Hepatitis C virus (HCV) is a major cause of chronic liver disease, cirrhosis, and hepatocellular carcinoma. Current therapy with pegylated interferon alpha (IFN-alpha) in combination with ribavirin is associated with adverse effects and often fails to induce a sustained response. IFN-lambdas, recently discovered IFN gene family members, exhibit antiviral and cell stimulatory activities similar to IFN-alpha. We aimed to determine whether IFN-lambda exhibits antiviral activity toward HCV and to compare the signal transduction and effector gene pathways with those of IFN-alpha.

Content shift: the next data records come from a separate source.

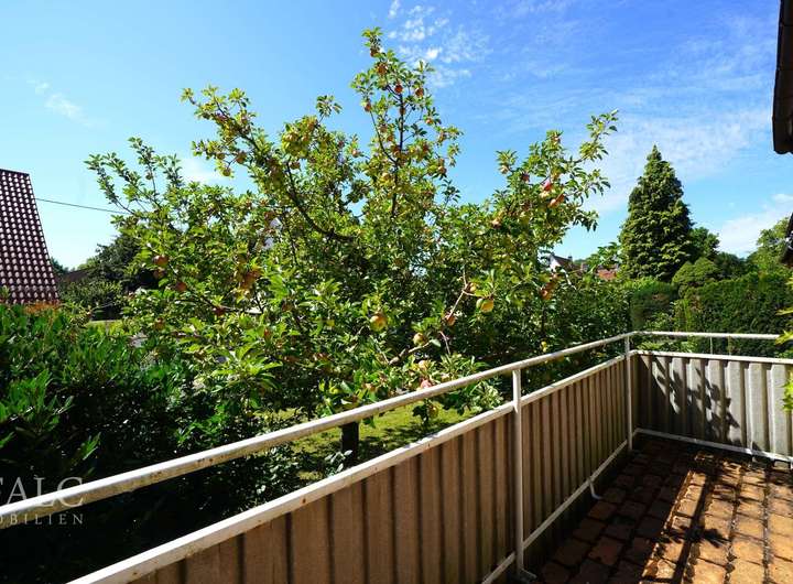 Der angrenzende Balkon, der sich zur Südseite hin öffnet, bietet einen herrlichen Rückzugsort im Freien. Hier können Sie sich zur Mittagszeit ein Sonnenbad gönnen oder den Blick über den Garten genießen, während die Sonne langsam untergeht.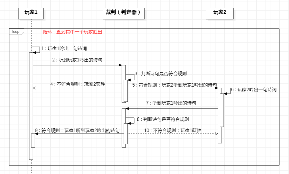 2、双人“飞花令”游戏过程顺序图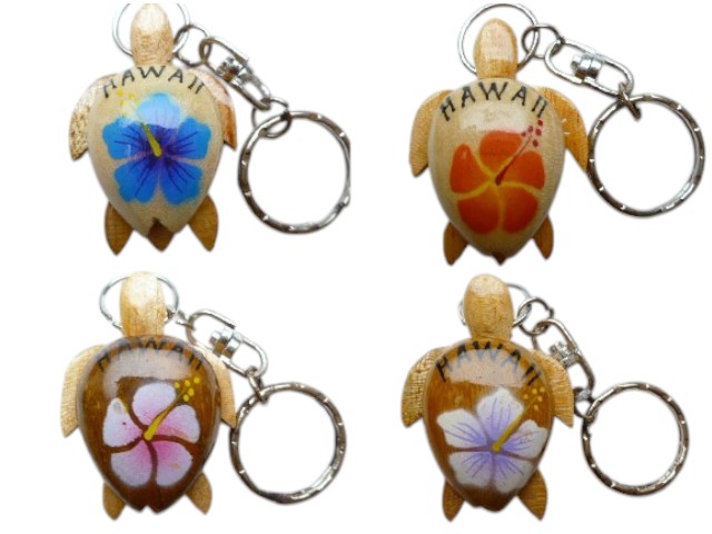 “Hawaii” 2″ Assorted Wood Turtle w/ Painted Plumeria Keychain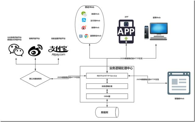 目前国内的互联网创业,以Web为主,完整的技术产出可能包括 App、微信公众号、支付宝服务窗、微博应用、移动Web(兼容移动浏览器、微信浏览器、支付宝浏览器、微博浏览器)、官网Web、管理Web,在这样的产品产出要求,我认为如下的架构比较合适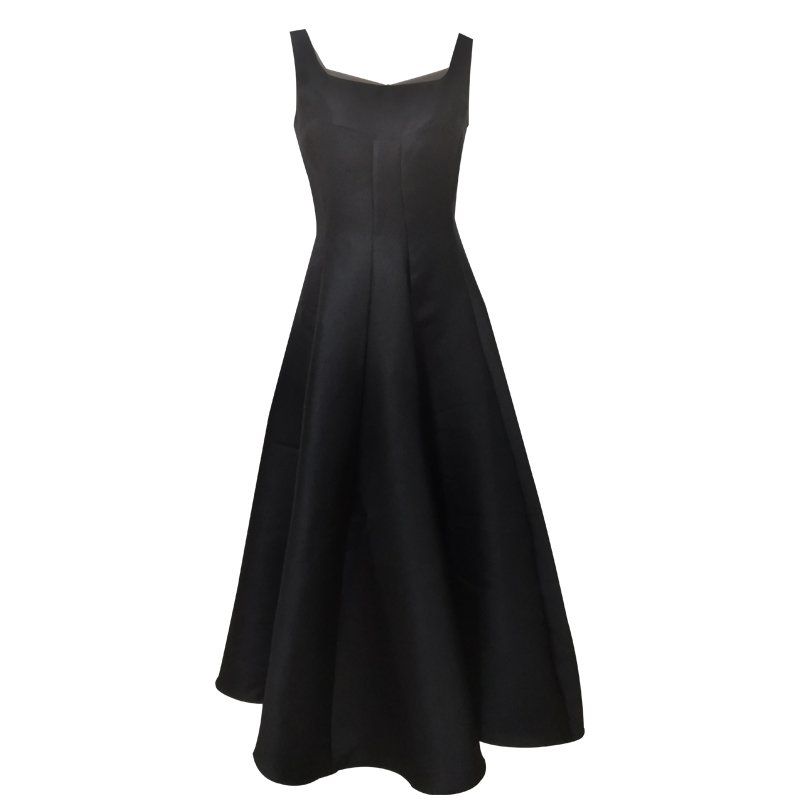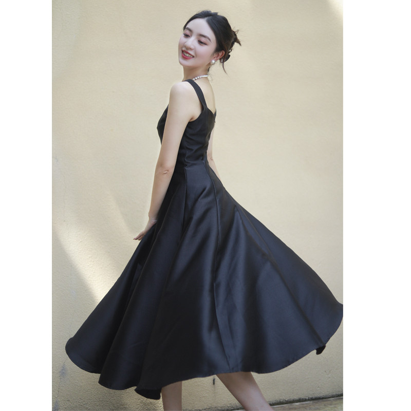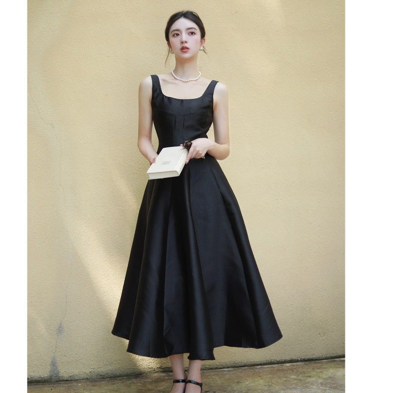 JUJU法式赫本风气质长裙收腰质感连衣裙高级感黑色醋酸缎面吊带裙

Using the HCV replicon system and cell culture infectious reporter virus, we compared IFN-alpha and IFN-lambda effects on HCV RNA replication and protein expression, as measured by quantitative reverse-transcriptase polymerase chain reaction, luciferase expression, and Western blot. Receptor expression and signaling pathways were explored using flow cytometry and Western blot. IFN-alpha- and IFN-lambda-mediated gene expression changes were compared using microarray analyses.


IFN-lambda exhibited dose- and time-dependent HCV inhibition, independent of types I and II IFN receptors. The kinetics of IFN-lambda-mediated signal transducers and activators of transcription (STAT) activation and induction of potential effector genes were distinct from those of IFN-alpha. IFN-lambda induced steady increases in levels of known interferon stimulated genes (ISGs), whereas IFN-alpha ISGs peaked early and declined rapidly. IFN-lambda inhibited replication of HCV genotypes 1 and 2 and enhanced the antiviral efficacy of subsaturating levels of IFN-alpha.


These results demonstrate distinct differences in IFN-lambda- and IFN-alpha-induced antiviral states. Understanding these differences may prove useful for developing new HCV treatment strategies.